Do not include the pictures; repeat the rest of the data exactly.

___ Dataset content ___

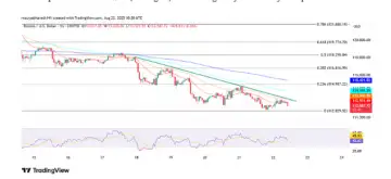The Powell Jackson Hole speech is expected to influence cryptocurrency sentiment. A break below that would expose Bitcoin to the $108,000 region, where stronger buyers are likely to step in.
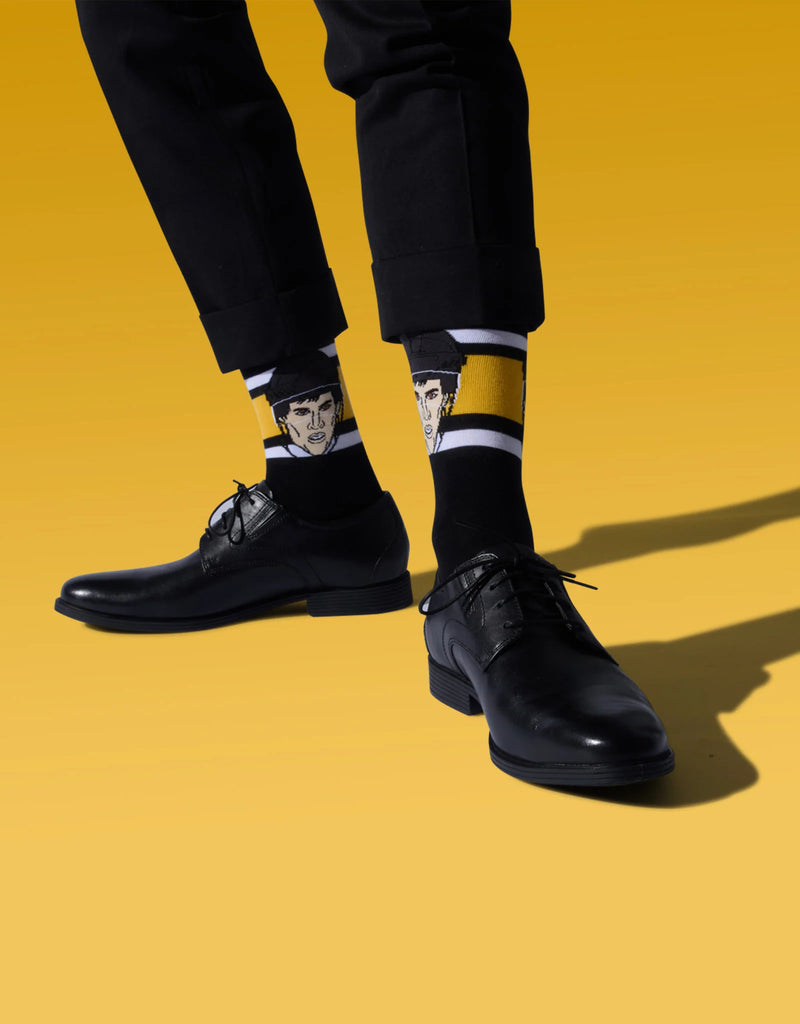 Major League Socks provide great comfort with stylish patterns of your favorite athletes. The Canadian company features the faces of some notable hockey players of present and past generations. From the legends of the past like Wayne Gretzky, Teemu Selanne and Mario Lemieux to the stars of the present like Connor McDavid, Auston Matthews and Sidney Crosby, these socks are more than just your everyday socks. They are trading cards you can wear.
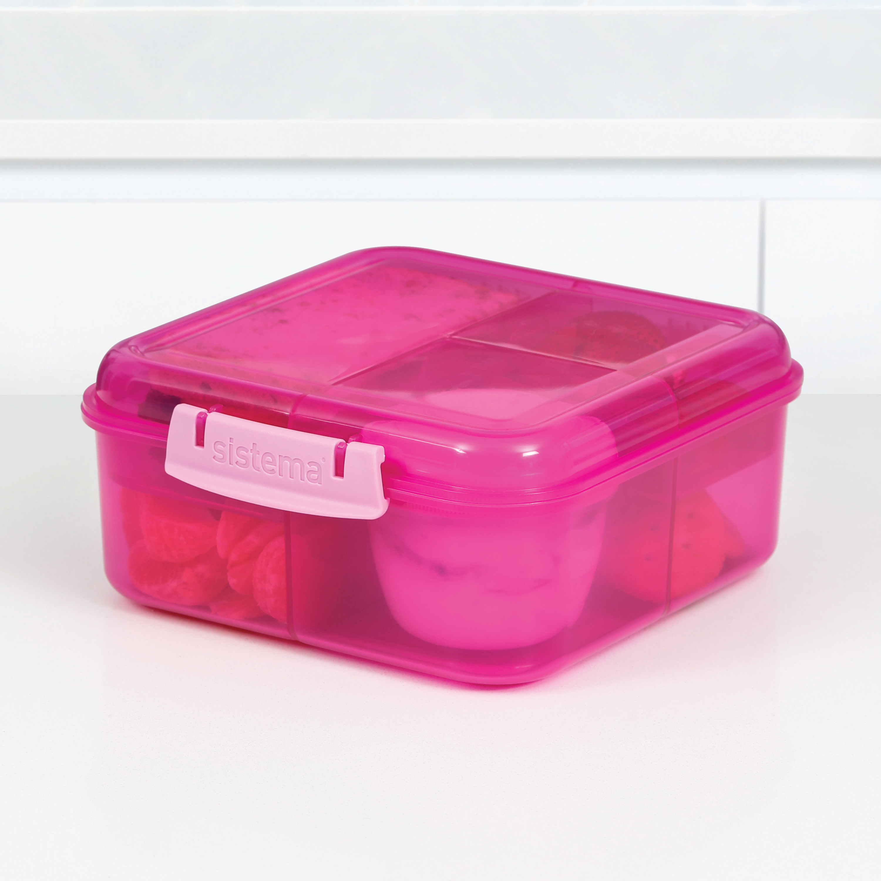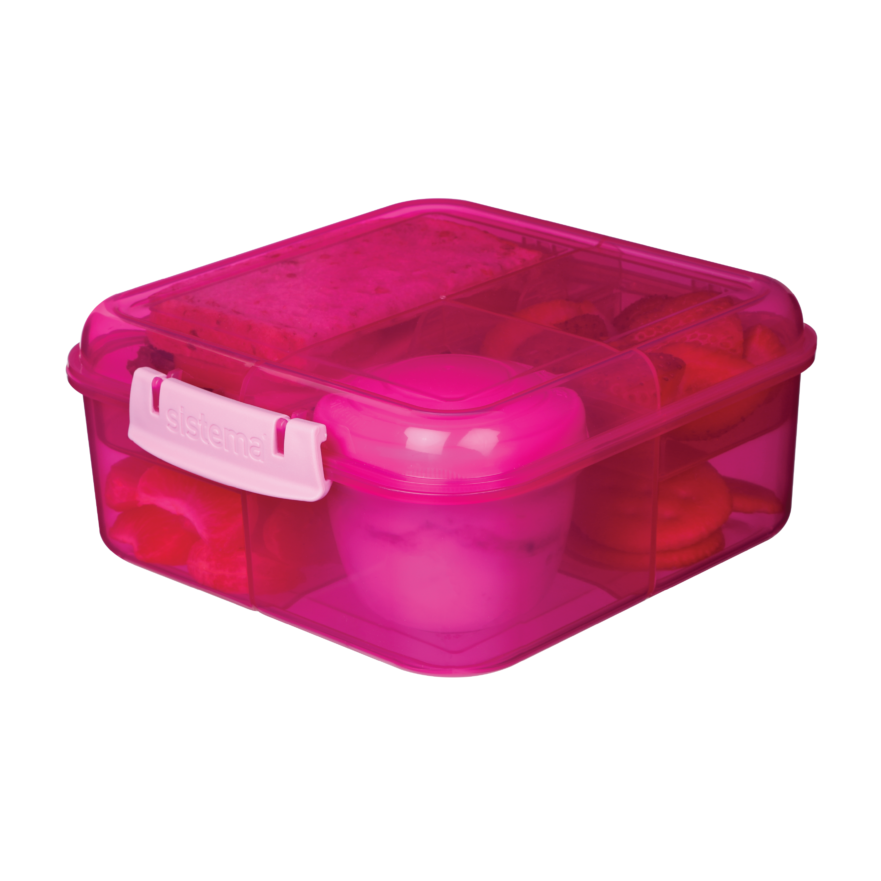 Sistema Bento Cube Matboks er en romslig og praktisk matboks med flere rom, i fargen rosa.

___

Your response:
The Powell Jackson Hole speech is expected to influence cryptocurrency sentiment. A break below that would expose Bitcoin to the $108,000 region, where stronger buyers are likely to step in.
 Major League Socks provide great comfort with stylish patterns of your favorite athletes. The Canadian company features the faces of some notable hockey players of present and past generations. From the legends of the past like Wayne Gretzky, Teemu Selanne and Mario Lemieux to the stars of the present like Connor McDavid, Auston Matthews and Sidney Crosby, these socks are more than just your everyday socks. They are trading cards you can wear.
 Sistema Bento Cube Matboks er en romslig og praktisk matboks med flere rom, i fargen rosa.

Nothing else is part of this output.